Top of Exercise materials
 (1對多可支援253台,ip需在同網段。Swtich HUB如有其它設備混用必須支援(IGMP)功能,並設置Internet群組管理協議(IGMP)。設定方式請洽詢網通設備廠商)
Bottom of Exercise materials
Top of Exercise materials
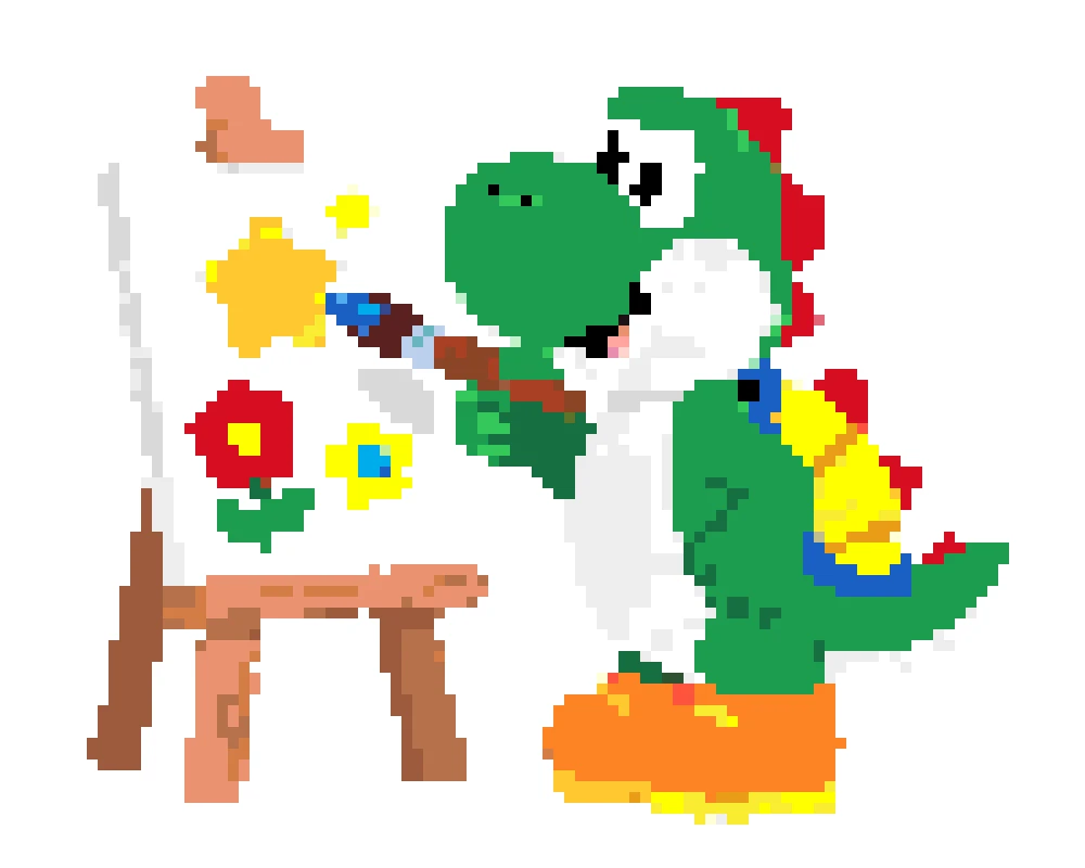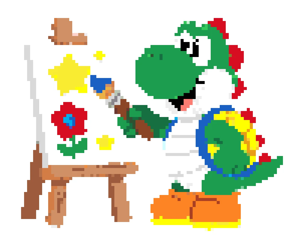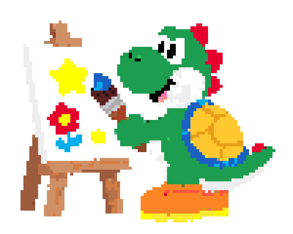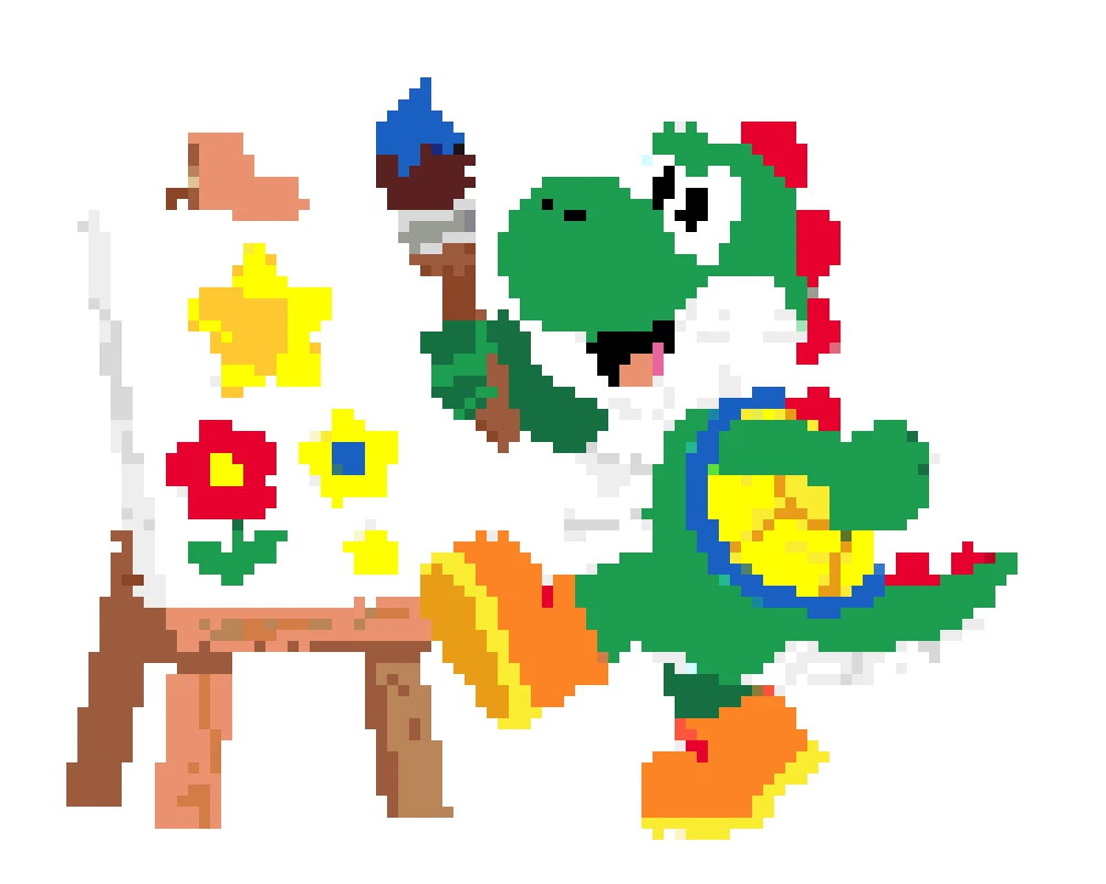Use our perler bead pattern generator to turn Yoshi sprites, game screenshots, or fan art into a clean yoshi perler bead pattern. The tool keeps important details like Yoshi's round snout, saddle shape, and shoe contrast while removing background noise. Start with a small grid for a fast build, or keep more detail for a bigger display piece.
Bottom of Exercise materials
Top of Exercise materials
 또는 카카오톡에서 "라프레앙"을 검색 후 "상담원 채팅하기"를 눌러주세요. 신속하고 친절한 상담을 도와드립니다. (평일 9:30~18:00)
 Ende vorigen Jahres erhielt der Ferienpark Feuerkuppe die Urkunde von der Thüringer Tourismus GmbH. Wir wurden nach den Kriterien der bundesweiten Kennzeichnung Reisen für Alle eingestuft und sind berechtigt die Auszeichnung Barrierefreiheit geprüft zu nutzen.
Bottom of Exercise materials
## Task brief
Give only the lines from the one holding "도와드립니다. (평일 9:30~18:00)" through the one holding "Ende vorigen Jahres", each restated exactly as it appears above.

## Reply
 또는 카카오톡에서 "라프레앙"을 검색 후 "상담원 채팅하기"를 눌러주세요. 신속하고 친절한 상담을 도와드립니다. (평일 9:30~18:00)
 Ende vorigen Jahres erhielt der Ferienpark Feuerkuppe die Urkunde von der Thüringer Tourismus GmbH. Wir wurden nach den Kriterien der bundesweiten Kennzeichnung Reisen für Alle eingestuft und sind berechtigt die Auszeichnung Barrierefreiheit geprüft zu nutzen.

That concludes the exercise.